You can use this technique for microphones as well…or even set up generic names that correlate to the inputs on your Audio Interface.

As a side-note:

The reason you must route any inputs ‘through the host’ is due to the ASIO protocol and standards. Plugins are not EVER supposed to access an audio device directly, as it can totally mess up timing synchronization in least, and cause buffer overruns and system crashes at the worst. I’ve only come across a few plugins that try to do this. They are hard to find, highly experimental, and tend to be very unstable (to the point that they can create such a noise they’ll blow speakers, and possibly damage your hearing).

If the host/DAW does not have a way to get the audio and route it into HALion, then you’re out of luck. This will be the case for any sampling instrument that adheres to ASIO protocol (I.E. Kontakt, Mach 5, etc.).

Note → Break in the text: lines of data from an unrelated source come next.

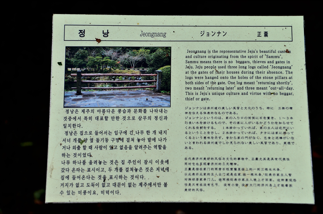 제주의 대문을 대신하는 독특한 정낭에 대한 안내문도 보인다.
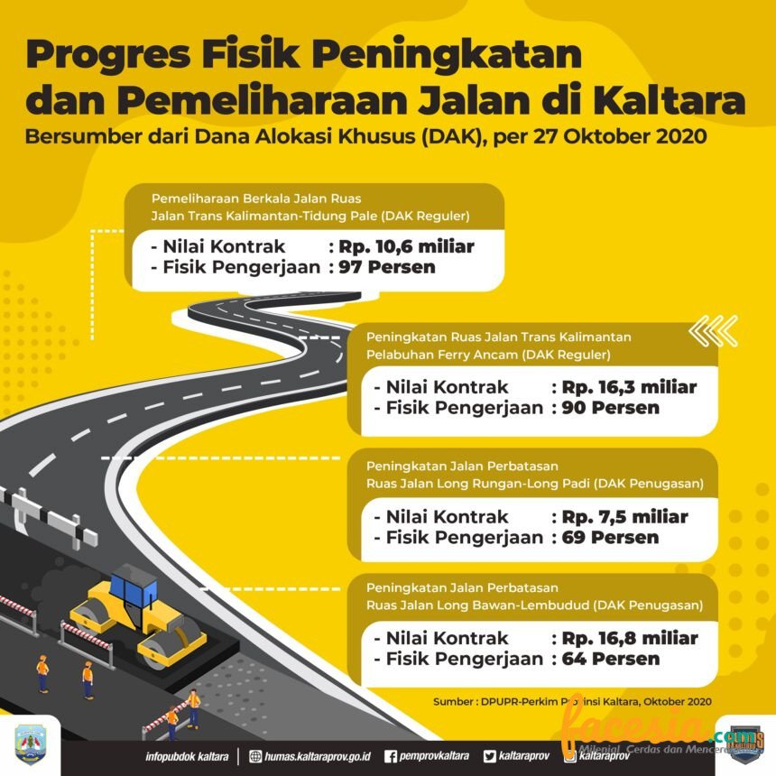 2 proyek tersebut yakni, peningkatan ruas jalan Trans Kalimantan-Pelabuhan Ferry Acam (DAK Reguler) Rp 16,3 miliar, realisasi fisik pengerjaan 90 persen. Dan, pemeliharaan berkala jalan ruas jalan Trans Kalimantan-Tidung Pale Rp 10,6 miliar dengan realisasi fisik pengerjaan 97 persen. “Kedua proyek DAK tersebut, saat ini tinggal menunggu serah terima pekerjaan akhir atau PHO (Provisional Hand Over) dan FHO (Final Hand Over) 100 persen dari kontraktor. FHO 100 persen kedua proyek ditarget pada November 2020 mendatang,” kata Kepala DPUPR-Perkim Kaltara Sunardi yang didampingi oleh Kepala Bidang (Kabid) Bina Marga, Yusran, Selasa (27/10).
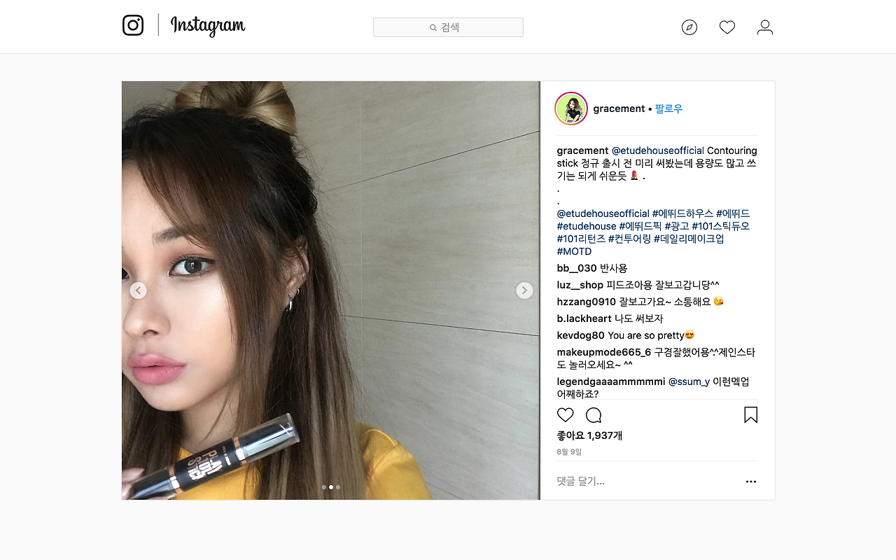 위 이미지는 최근 분석한 '에뛰드' 해시태그를 통해 알게 된 한 포스트다.
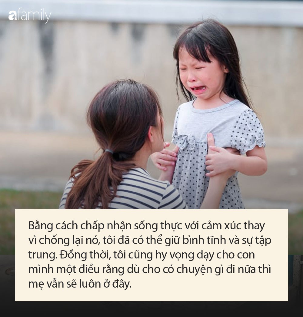 Bằng cách chấp nhận sống thực với cảm xúc thay vì chống lại nó, tôi đã có thể giữ bình tĩnh và sự tập trung. Đồng thời, tôi cũng hy vọng dạy cho con trai mình một điều rằng dù cho có chuyện gì đi nữa thì mẹ vẫn sẽ luôn ở đây. Chúng ta sẽ cùng nhau tìm đường ra cho mọi vấn đề".
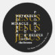 Christian JESUS Waymaker Classic Round Sticker, with some of the popular descriptions of the Lord JESUS displayed in a crossword format in bold white typography. In the background, the Name of Jesus is repeated three times in dark gold colored serif font. Underneath the design there is curved placeholder text, which is customizable, so you can add your name and initial or create your own text. This would make a great gift for birthdays, Christmas, and for anyone who loves the following inspirational quotes based on Bible Scripture: God will make a way in the desert; God always keeps His promises; Jesus is the Light of the world, and God is One who works miracles. Also available in white.
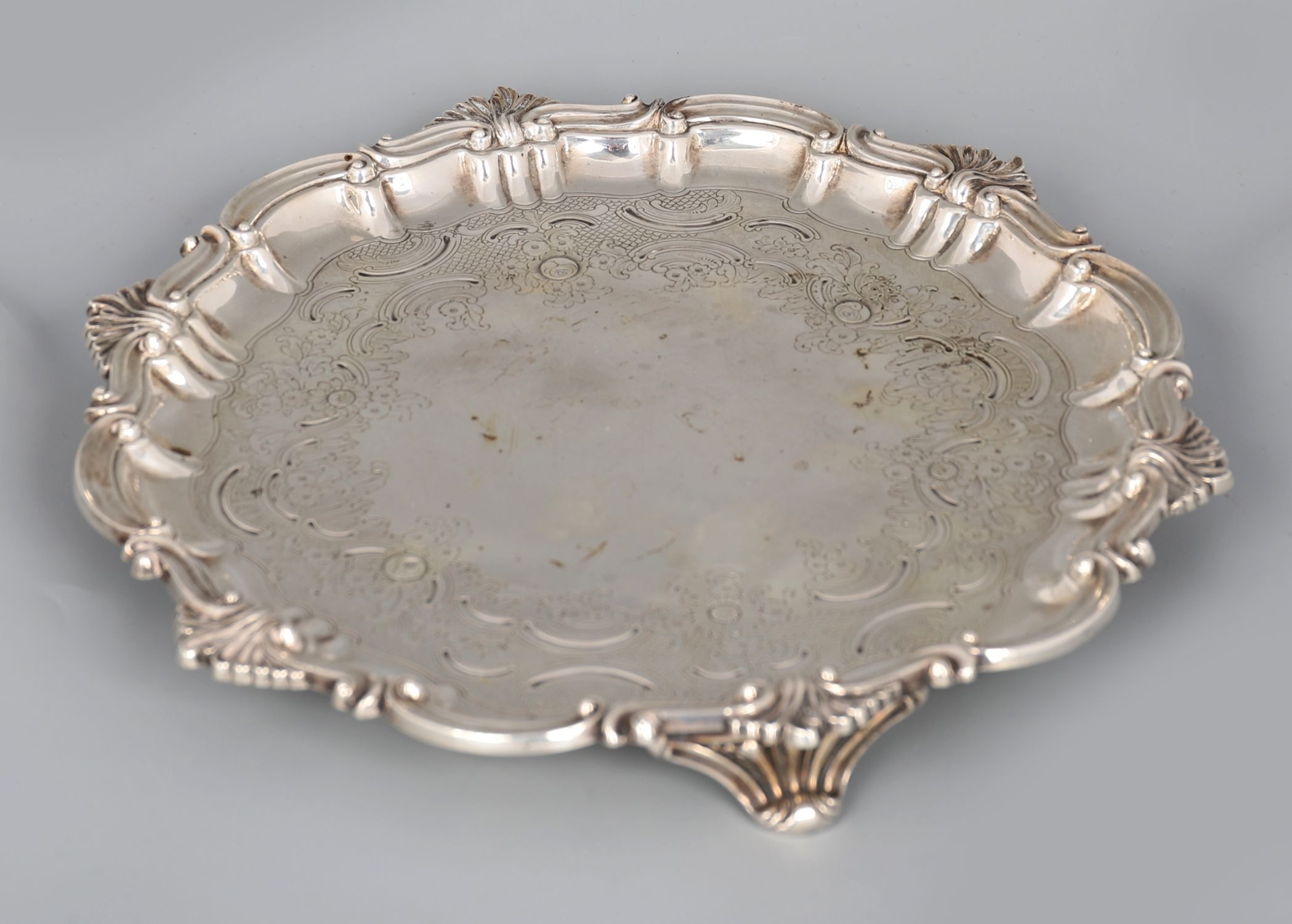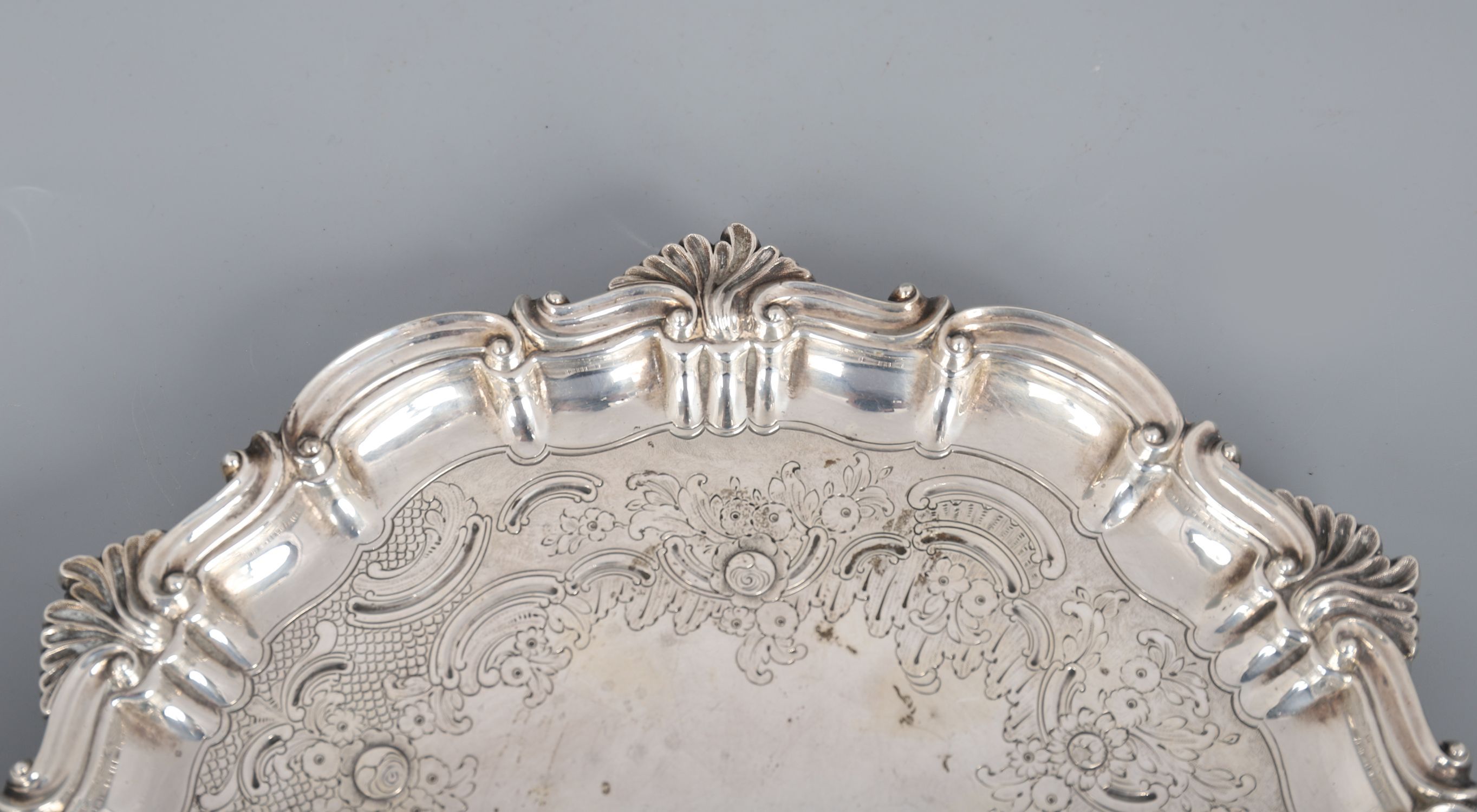 A fine Victorian silver salver of circular form with cast and applied rococo scroll border, the centre engraved with foliate and diaper decoration. Stamped West & Son, College Green, Dublin and hallmarked London, 1893, maker Thomas Bradbury. 666 grams.
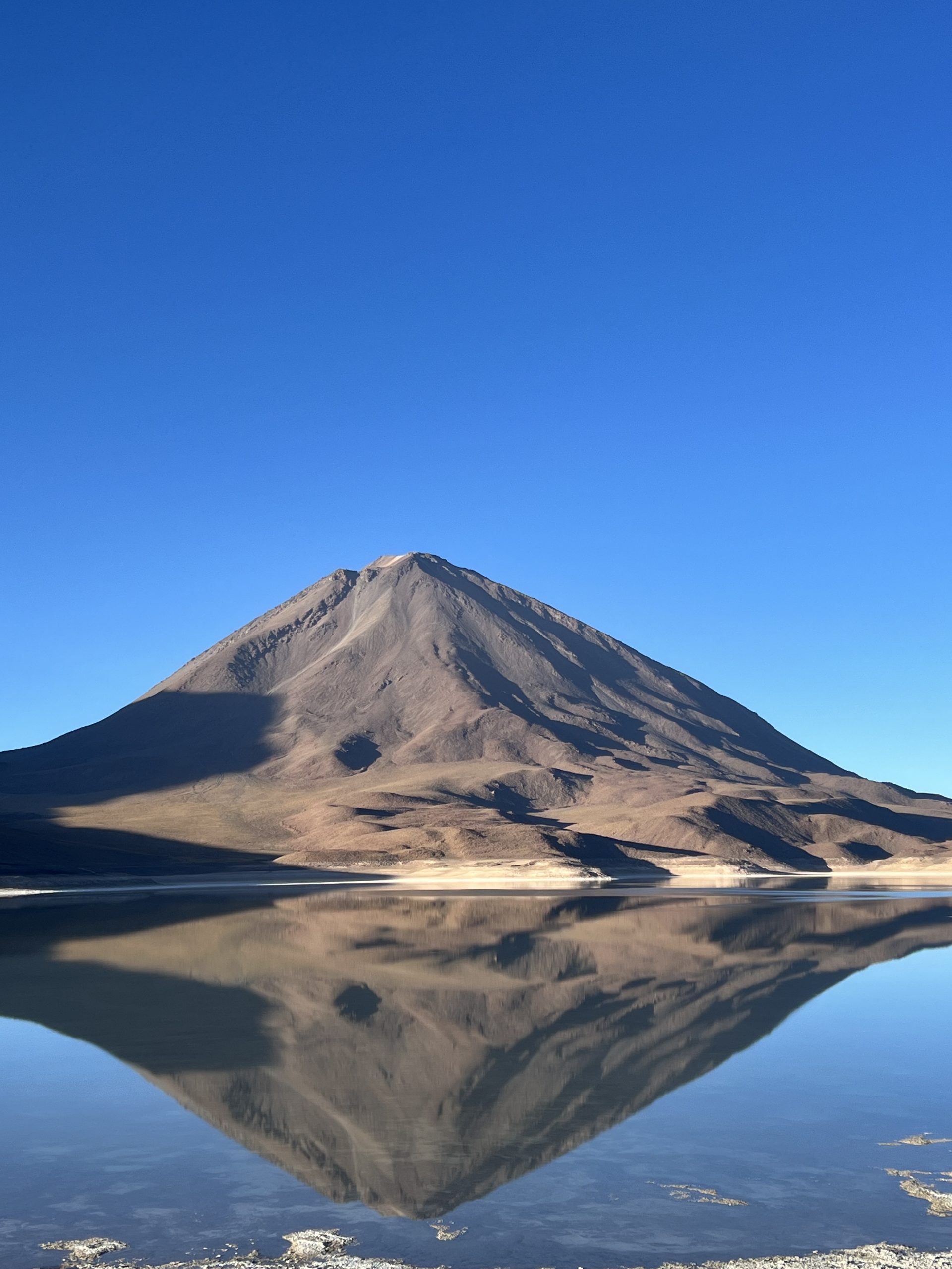„Übernachter“ sind. Dafür ist es auch hier am Abend wieder extrem windig und kalt, man braucht das Bier nachts inzwischen nicht mehr in den Kühlschrank zu stellen, es bleibt auch außerhalb richtig kalt. Am nächsten Morgen steige ich bereits bei Sonnenaufgang um 06.00 Uhr aus dem Bett, höre keinen Wind draußen und gehe etwas näher zum Rand der „Laguna verde“ und tatsächlich, es ist genau das eingetreten was ich erhofft hatte: Im klaren, völlig ruhigen Wasser der Lagune spiegelt sich in seiner ganzen Pracht
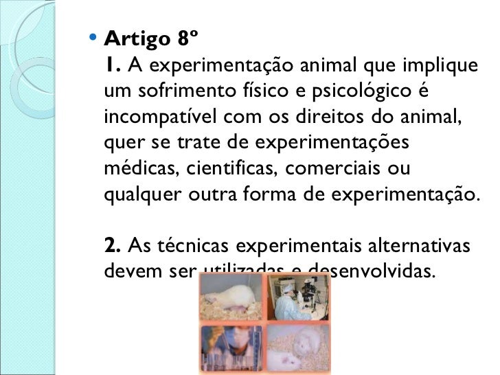9. 9. <ul><li>Artigo 8º 1. A experimentação animal que implique um sofrimento físico e psicológico é incompatível com os direitos do animal, quer se trate de experimentações médicas, cientificas, comerciais ou qualquer outra forma de experimentação. 2. As técnicas experimentais alternativas devem ser utilizadas e desenvolvidas. </li></ul>

For a long time it was not possible to get audio ‘into’ a VSTi plugin at all. It could only be done with VST ‘effect’ plugins that were designed to go in an effect slot. Side-Chaining effect plugins was awkward as well, often requiring hacks like using a quad group bus and alternate routings.

VST3 protocol changes this, as VSTi instruments can have ‘inputs’ and support side-chaining. While it’s possible to make a VST2.4 ‘instrument’ plugin with inputs (The VST2.4 variant of HALion does have them), it’s not very common, as most hosts from that era would just ignore them if it knows it is an ‘instrument’ type rather than an ‘effect’ type plugin anyway.

Not all DAWs out there can do VST3 yet though. Not all of them support side-chaining like Cubase does, particularly for ‘instrument plugins’. Their workaround is that they ‘might’ allow you to host a VSTi in the effect slot of a group bus instead of providing methods to set up and route special ‘side chain’ buses. Some DAWs might pretty much do it that way out of the box anyway, and host instruments and VSTi plugins identically. Hosting something like HALion in such a group would provide a means to get audio into something like HALion.

For a DAW that doesn’t support Side Chaining, and also will not let you run a VSTi in an effect slot…you’re either out of luck, or must rely on some third party chainer that can fudge a VSTi into a regular VST effect slot (such as Bidule).

Ok, this explains why the standalone version does this easier than the VST do in Cubase9. That you for all your long explanations. I have managed to get it done with audiotrack and sidechain. Wish the manual was a little better to explain stuff like this.